Nonetheless most regional institutions do have structures for conflict resolution. In the EU, its conflict resolution skills and procedures have been used mainly to help countries that want to join the EU untangle themselves from old conflicts in order to qualify for membership.

In Africa, one needs to simply name the various sub-regional efforts to show that there is a great deal of effort being put into cooperation that increases integration and patterns of action that help to preclude interstate conflict:
• The Arab Maghreb Union (UMA), created in 1989, is trying to prepare a common market for Algeria, Libya, Mauritania, Morocco and Tunisia.
• The Common Market for Eastern and Southern Africa (COMESA) was set up in 1981 to work toward having a free trade zone for 20 countries in the sub-region.
• The Central African Economic and Monetary Community (CEMAC) promotes cultural exchange, intra-trade, elimination of tariff and non-tariff barriers and the coordination of development programs and industrial projects.
• ECOWAS, the Economic Community of West African States was set up in 1975 with 15 member states to gradually eliminate tariff barriers within the area and to allow for the freer movement of people within the region.
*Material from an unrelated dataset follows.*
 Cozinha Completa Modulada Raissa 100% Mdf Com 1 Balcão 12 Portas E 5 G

There are nine additional, similar sub-regional bodies with their own mandates and programs. While it may seem that having so many sub-regional communities must lead to excessive bureaucracy, I would comment that there are advantages in creating bureaucratic jobs and planning experience, especially in Africa where most career training is in the military and opportunities to exercise military skills are very tempting when there are few alternative paths to prestige and prosperity.
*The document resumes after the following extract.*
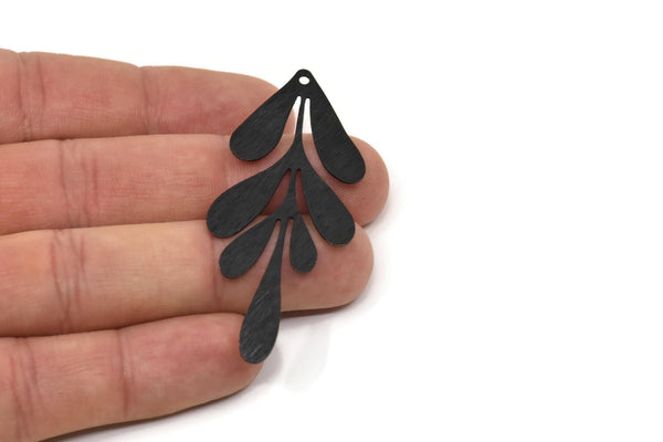 1 Delikli Oksitlenmiş Siyah Pirinç Dokulu Yaprak Küpe

At the same time it is well known that there is a great deal of conflict in Africa, most of which is not inter-state conflict, but insurgency and civil wars where different leadership groups vie for power and control of the state machinery. In this context, the development of complex systems of cooperation and integration can lead to healthy non-military forms of competition. From this I conclude that there is no harm in having ample state and inter-state machinery. For many less developed countries and regions the process of planning for integrated development can create important spinoff effects to launch new private production and entrepreneurial activities.

_________________
Since she was 17 years old, Lucy Law Webster has been active in the world federalist movement, in the United States, in Britain and Europe and in parts of Asia, Africa and Latin America. She sees regional integration as part of a process that can preserve cultural diversity and also lead to a measure of global supranational integration that would be adequate to fulfill the promise of the preamble to the UN Charter. Ms. Webster is a retired United Nations Political Affairs Officer and Executive Director of the Center for War/Peace Studies. She is also a UN Rep. of Economists for Peace and Security and a member of its Board of Directors.